Amazing what you can do with a fresh kill and a sharp knife...


----------



## Hunttilidrop (Jun 12, 2018)

That was impressive!


----------



## TPrawitt91 (Sep 1, 2015)

Impressive!


----------



## DallanC (Jan 13, 2009)

I posted this last year or the year before. The buck was "Blown" meaning they cut a small hole, insert an air gun and blow it up like a balloon. This separates the hide from the carcass and makes skinning 1000x easier / quicker.




-DallanC


----------



## wyogoob (Sep 7, 2007)

*you betcha*



DallanC said:


> I posted this last year or the year before. The buck was "Blown" meaning they cut a small hole, insert an air gun and blow it up like a balloon. This separates the hide from the carcass and makes skinning 1000x easier / quicker.
> 
> -DallanC


I'm setting up a shop in my garage and this is one of the things I'm going to have.

They've been doing it back east for quite awhile on whitetails. A number of butcher shops do it. It works really good on hard-to-skin critters like *****, turtles and alligators also.

.


----------



## DallanC (Jan 13, 2009)

wyogoob said:


> I'm setting up a shop in my garage and this is one of the things I'm going to have.
> 
> They've been doing it back east for quite awhile on whitetails. A number of butcher shops do it. It works really good on hard-to-skin critters like *****, turtles and alligators also.
> 
> .


First time I ever saw it done was on an alligator on TV. It looked pretty wild, like a Macy's day parade float. Sure made what followed easier. I'm all for the easy route now-a-days.

-DallanC


----------



## Critter (Mar 20, 2010)

My problem would be having to haul a compressor and hose out to where I shoot animals at. 

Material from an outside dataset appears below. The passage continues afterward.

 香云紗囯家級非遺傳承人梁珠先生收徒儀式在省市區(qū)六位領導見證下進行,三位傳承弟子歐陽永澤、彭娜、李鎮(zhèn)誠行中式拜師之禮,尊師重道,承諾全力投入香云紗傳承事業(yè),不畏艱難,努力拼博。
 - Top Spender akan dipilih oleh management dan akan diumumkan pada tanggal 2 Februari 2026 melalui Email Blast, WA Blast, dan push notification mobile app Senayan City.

It is just as easy to put up with the old fashion skinning chore.


----------



## DallanC (Jan 13, 2009)

That brings up an interesting question, how many people skin out their critters in the field? If spoilage isnt an issue, I leave hide on until I get home just to keep dust and dirt off of the meat. I do have quality game bags, but I seem to still get alot of dust through the fabric. I guess I could switch to silk bags with the tightest weave, but those are crazy pricey.

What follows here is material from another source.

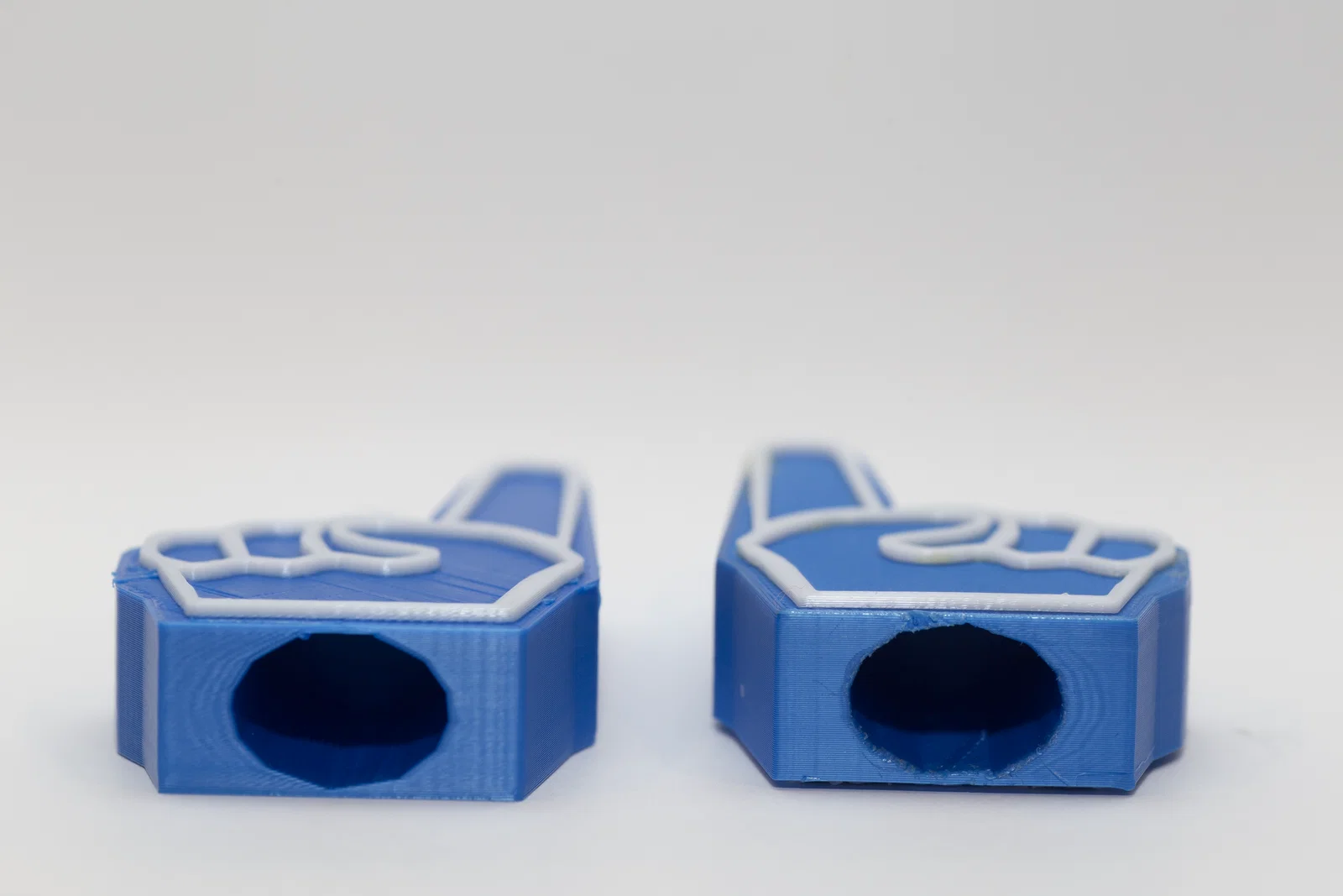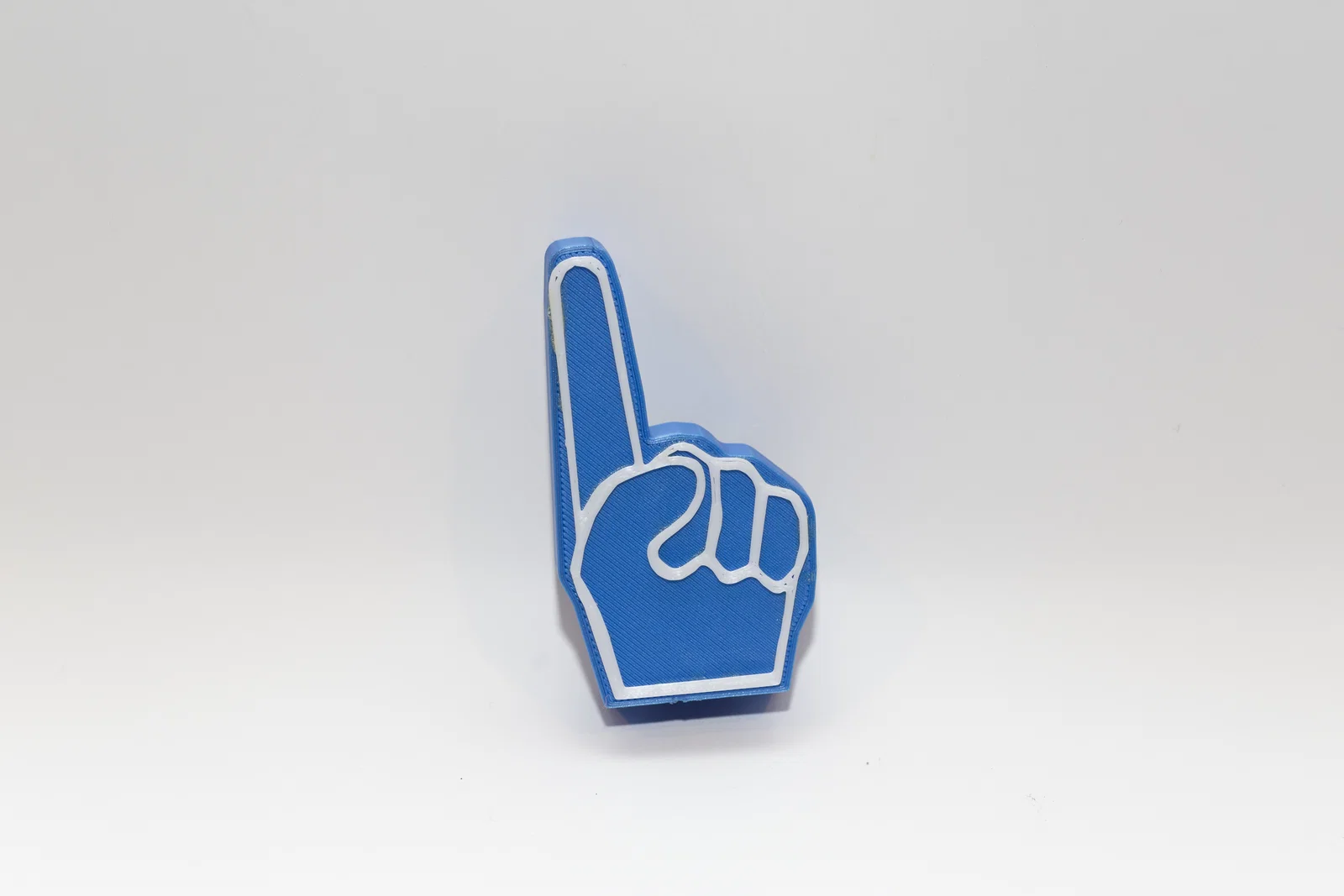 Mẫu đồ chơi mini hình bàn tay cổ vũ màu xanh dương, có thể đeo vào ngón tay. In 30% infill không cần supports là được, còn nếu dùng supports thì sẽ khó gỡ.

I generally, make a mental note as I get in various places if I think I can or cannot get an animal out within a reasonable amount of time to avoid spoilage. I dont shoot things in places I know I cant get them out in time, period.


-DallanC


----------



## Critter (Mar 20, 2010)

I hunt with others and 90% of the time I will skin my deer in camp the same day that I shoot it. I have quality muslin game bags that I made and have never had any problems with dust on the meat. But then when I am traveling I'll wrap the deer up in a plastic tarp to keep the dust and dirt off of it. 

I have been doing it that way for over 40 years with no problems.


----------



## wyogoob (Sep 7, 2007)

I never skin my turtles or alligators in the field, never.


.


----------